I’m going to talk about something really boring. That thing is packaging and distributing Python code.

Motivation

I have been programming primarily in Python for about 3.5 years now, happily creating virtualenvs and pip installing things - and sometimes yak shaving non-Python dependencies of those libraries - without any idea how python code is packaged and distributed. And then, one day I had to share a library my team had written with another team, and lo and behold, I wrote my first requirements.txt file. I was inspired to peek under the hood.

It turns out some people think that Python packaging is sucky. For most of my purposes - working on small pet projects or in fully isolated development environments maintained by another engineer, this works fine. The problem is that the ONLY thing that Python tries to encapsulate is Python code - not dependencies, not environment variables, etc. There is some more exposition about that from other people if you’re interested: example.
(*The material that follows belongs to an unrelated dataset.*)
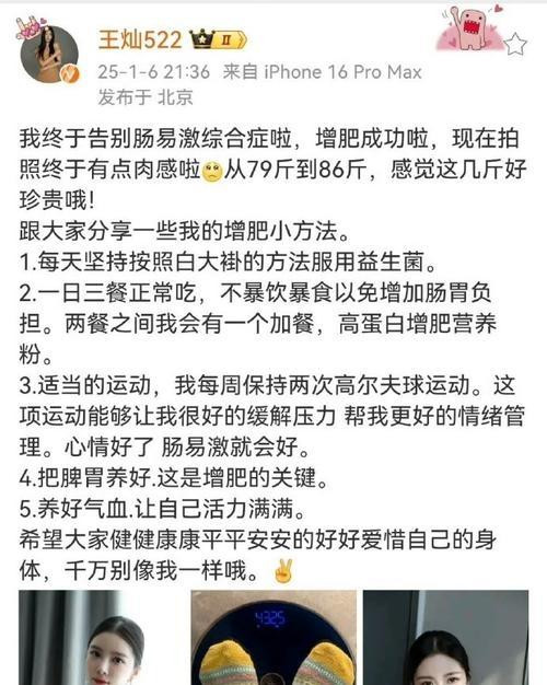 而她的粉丝们,见证了她一斤一斤地增加,体重从79斤到86斤,不仅仅是数字的上涨,背后却是她无数个难熬的夜晚和不被理解的时刻。

The biggest hurdle to getting started was understanding the lingo.

Important terms

The PyPI (Python Package Index), previously known as the Cheese Shop, has a glossary with everything that you might want to know. Here are the ones I was previously confused about:

  • module - In Python, a single .py file is a module. This means that Python can be organized without classes quite nicely. You can put some methods and constants into a file and tada, a logically isolated bit of code.
  • package - A collection of modules. The tricky thing is that it can either be an import package, which is module that contains other modules that you can import, or a distribution package, described by distribution below. In colloquial usage it seems to mean “a collection of Python code published as a unit”.
  • distribution - An archive with a version and all kinds of files necessary to make the code run. This term tends to be avoided in the Python community to prevent confusion with Linux distros or larger software projects. Many distributions are binary or built, shortened to bdist, and are binary, platform-specific, and python-version specific. sdist or source distributions are made up only of source files and various other data files you would need. As you might expect, they must be built before they are run.
  • egg - A built packaging format of Python files with some metadata, introduced by the setuptools library, but gradually being phased out. It can be put direcly on the PYTHONPATH without unpacking, which is kind of nice.
  • wheel - The new version of the egg. It has many purported benefits, like being more implementaton-agnosticmm and faster than building from source. More info. About two thirds of the most popular Python packages are now wheels on PyPI rather than eggs. Citation.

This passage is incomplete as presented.